IGOR WOKE UP with a headache. His head wasn’t actually aching so much as buzzing, as though several bees had flown into it and were unsuccessfully trying to find their way out, bumping repeatedly into his temples, the back of his head and his forehead.
He opened his eyes and wiped a hand over his sweaty brow. He forced himself into an upright position and sat on the edge of his bed. Everything outside his window was grey, and he could hear the monotonous murmur of television voices from the living room.
‘Ma!’ called Igor, and immediately the sound of his own voice intensified the painful buzzing in his head.
Elena Andreevna looked into her son’s bedroom.
‘What’s up, son?’
‘Have we got any aspirin? I’ve got a splitting headache.’
‘Did you have too much to drink yesterday, or is it the old pains?’ asked his mother, with a mixture of disapproval and sympathy.
‘Too much to drink,’ Igor nodded.
She went into the kitchen, where they kept all their medicines in an old shoebox in the cupboard.
Igor stood up and walked over to the window, then turned and looked back into the room. His eyes fell on the police uniform, neatly folded in a pile, and the old-fashioned peaked cap.
That was a pretty strange dream! Or did it really happen? thought Igor.
He sighed and took a tracksuit out of his chest of drawers. As soon as he was dressed, he called Kolyan.
‘Hello there!’ Kolyan sounded pleased to hear from him. ‘How are you feeling?’
‘Listen,’ Igor said slowly, carefully choosing every word to try and avoid sounding stupid, ‘did I… did I turn up yesterday?’
‘I can’t believe you’re asking me that!’ Kolyan burst out laughing. ‘Can you really not remember? Must have been a good night then! Of course you turned up. You were wearing some old military uniform and had obviously been drinking before you got there. You were really winding up the bouncers, you know! We managed to drag you away from them just in time. They wanted to throw you out, and it was chucking it down outside.’
‘Right, I see… What were we drinking, in the club?’
‘What weren’t we drinking! You were on the brandy, mainly. You must’ve had a bottle and a half, maybe even two… We had to flag a car down to take you home. You were in such a state, we gave the guy two hundred hryvnas. So you can pay me back when you get the chance!’
‘Right, I see,’ Igor repeated slowly. He couldn’t hear his own voice properly because of the buzzing in his head. ‘What happened before that?’
‘In Petrovich? You’re kidding!
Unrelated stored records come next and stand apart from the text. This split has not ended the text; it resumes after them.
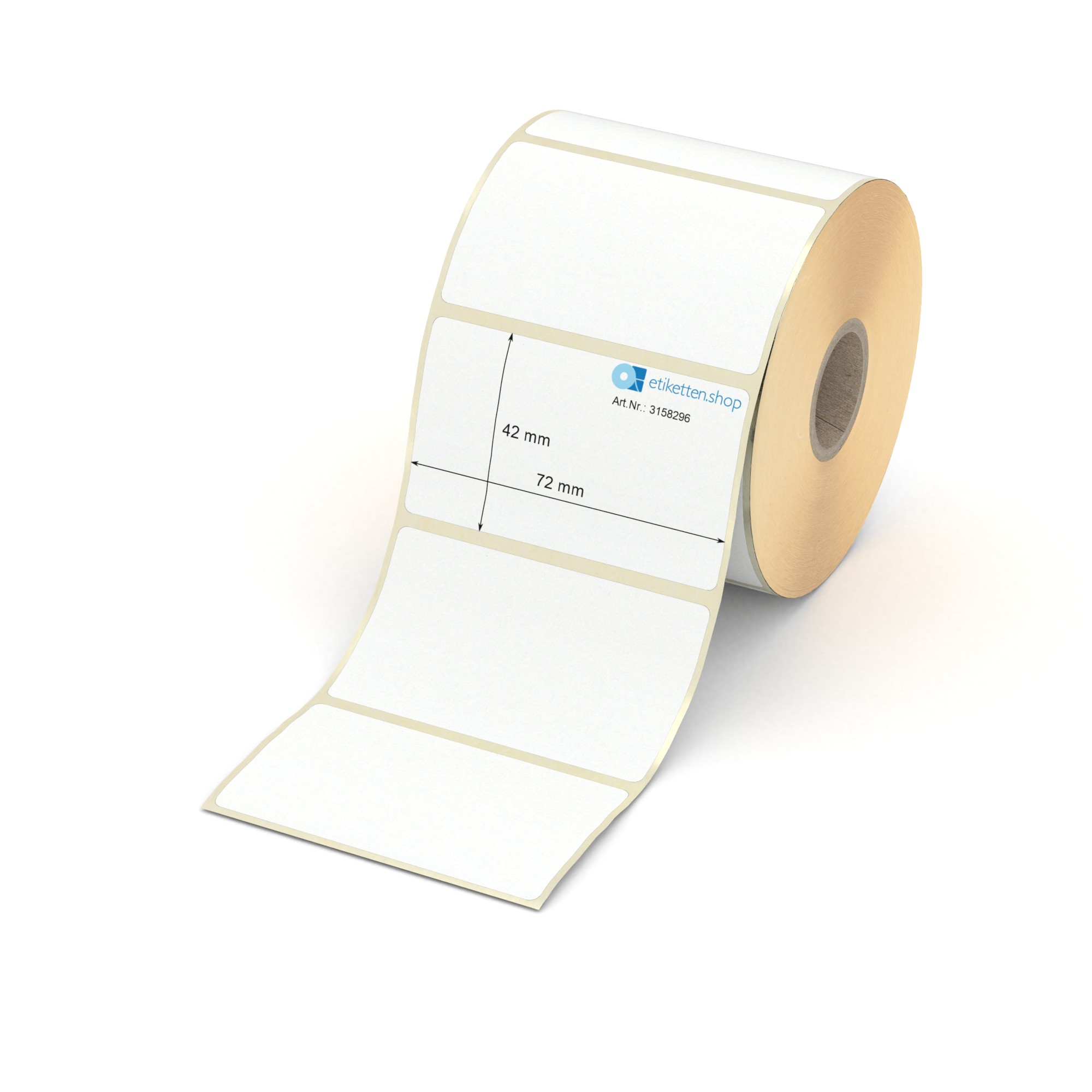 Etikett 72 x 42 mm - Transferpapier weiß leicht ablösbar - 800 Etiketten pro Rolle - 25 mm Hülse
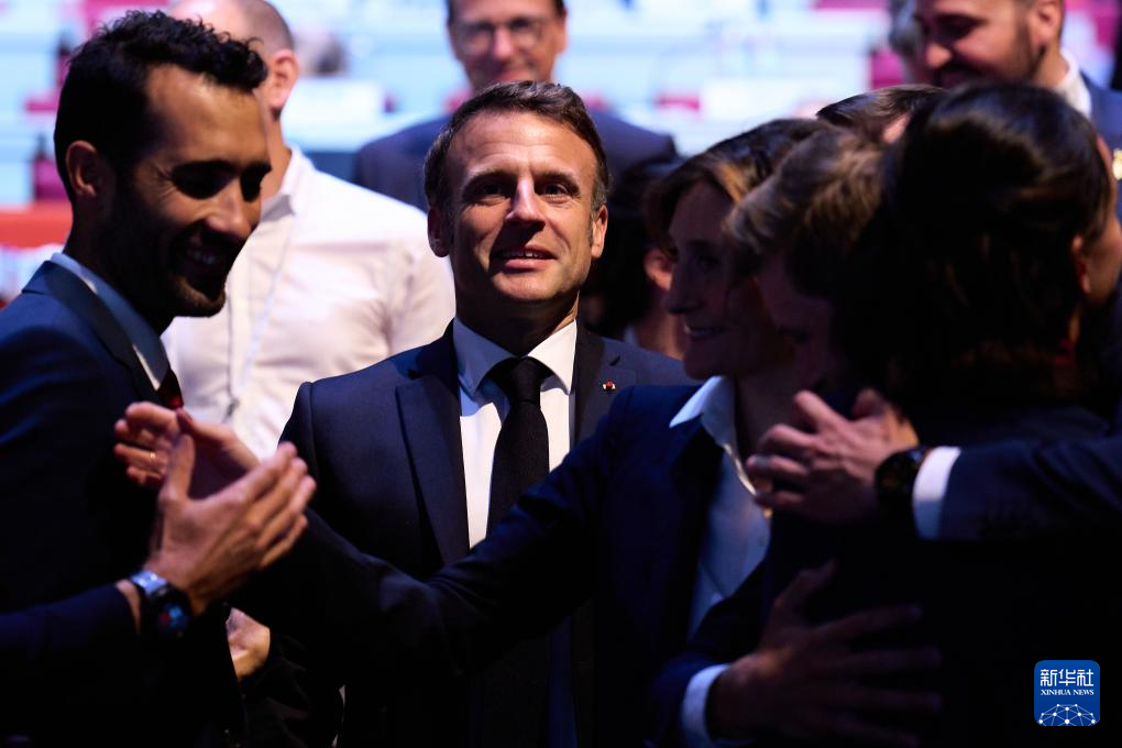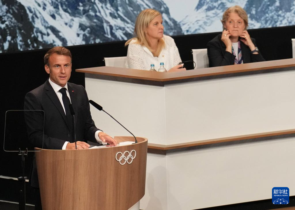 7月24日,法国总统马克龙(中)庆祝法国阿尔卑斯山地区获得2030年冬奥会举办权。
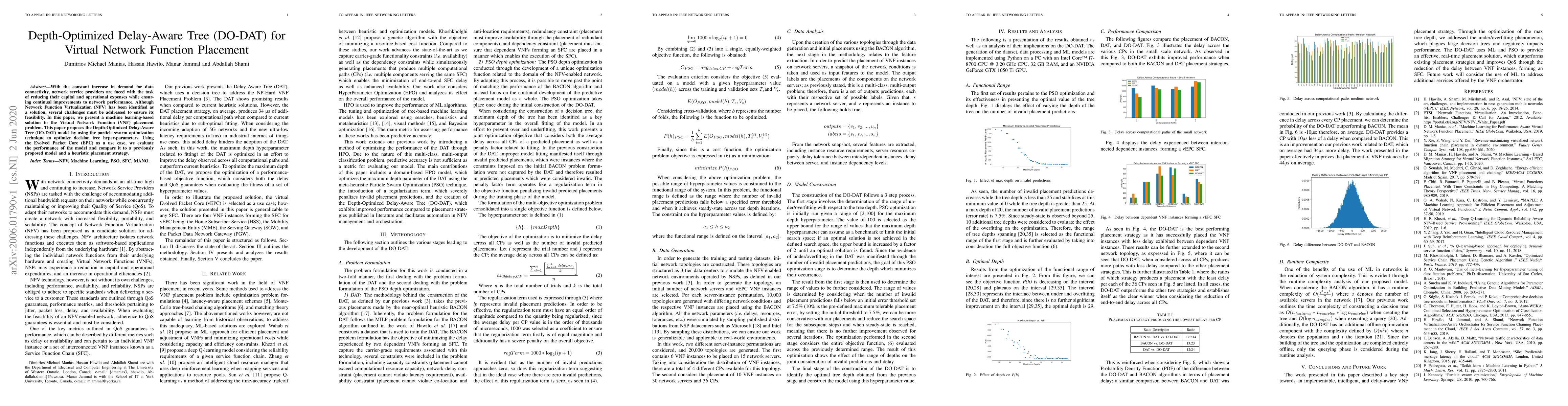This paper introduces the Depth-Optimized Delay-Aware Tree (DO-DAT) model, a machine learning solution for Virtual Network Function placement using particle swarm optimization. The model is evaluated against a previous model and a heuristic strategy using the Evolved Packet Core, demonstrating improved performance.
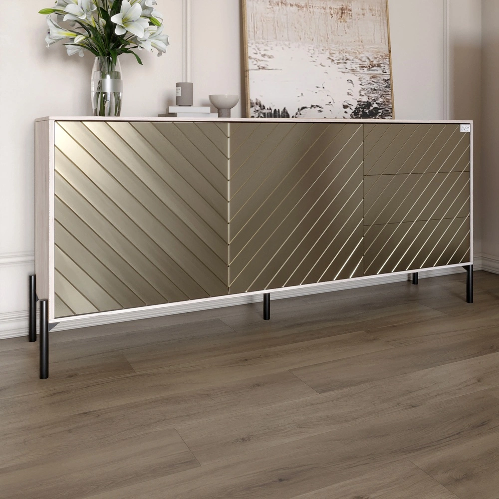 Вам нужен стильный и практичный мебельный элемент, который подчеркнет индивидуальность вашего пространства? Комод LION с черными металлическими ножками – это идеальное решение для тех, кто ценит современный дизайн и функциональность. Его элегантный вид из дымчатого и перламутрового металлика придает нотку роскоши в любую комнату.

Can’t you remember any of it?’
‘No,’ admitted Igor. ‘And I’ve got a splitting headache.’
‘We were just drinking, having a laugh, dancing to old music…’
Igor suddenly felt the sharp, sour taste of cheap white wine on his tongue.
‘Did I drink any wine?’
‘Wine? Yeah, right at the start. You tried some French Chablis, then announced that it tasted like cheap vinegar and washed it down with some Armenian brandy.’
‘All right, I’ll call you again later,’ said Igor, with a weary sigh.
‘Take it easy, old man!’ Kolyan replied cheerfully.
Igor’s head was feeling calmer by the afternoon. His thoughts had finally gathered themselves into something resembling order. He went through his memories with a fine-toothed comb, searching for the slightest grain of truth or credibility. In the interests of soothing his agitated soul he was equally keen to find proof that it was merely the fruit of his drunken, and consequently overactive, imagination. But however many times he played back the evening’s events, however closely he examined the details, everything still felt incredibly real – and remarkably plausible. The watch that had suddenly started ticking and showing ‘Moscow time’, Vanya Samokhin, the Ochakov Wine Factory, the glass of white wine… And, perhaps most significantly, Vanya’s suggestion that Fima Chagin might be the reason a policeman from Kiev had been sent to Ochakov. The only thing on the other side of the scales of Igor’s common sense was the brandy he’d been drinking before Kolyan had called. Yes, and there was something else – the party in the Petrovich club in the Podil district! Igor couldn’t remember a thing about the birthday celebrations. He couldn’t remember where the club was, or even where he’d seen the poster advertising the ‘Retro Party’.
Igor put his hand into the pocket of the policeman’s breeches and took out the gold watch. He brought it to his ear. Silence. He opened it. The hands had stopped at half past one. Igor sighed, utterly perplexed. Exhausted by his own unanswered questions, he drank a cup of coffee then went out into the yard. The shed door was still shut and padlocked. Stepan was obviously still not back.
Sparse but heavy raindrops were falling from the sullen sky. When Igor looked up he saw a black storm cloud hanging low over Irpen, ready to unleash its contents at any moment, and he hurried back inside. The rain began hammering down on the slate roof the moment Igor entered the house.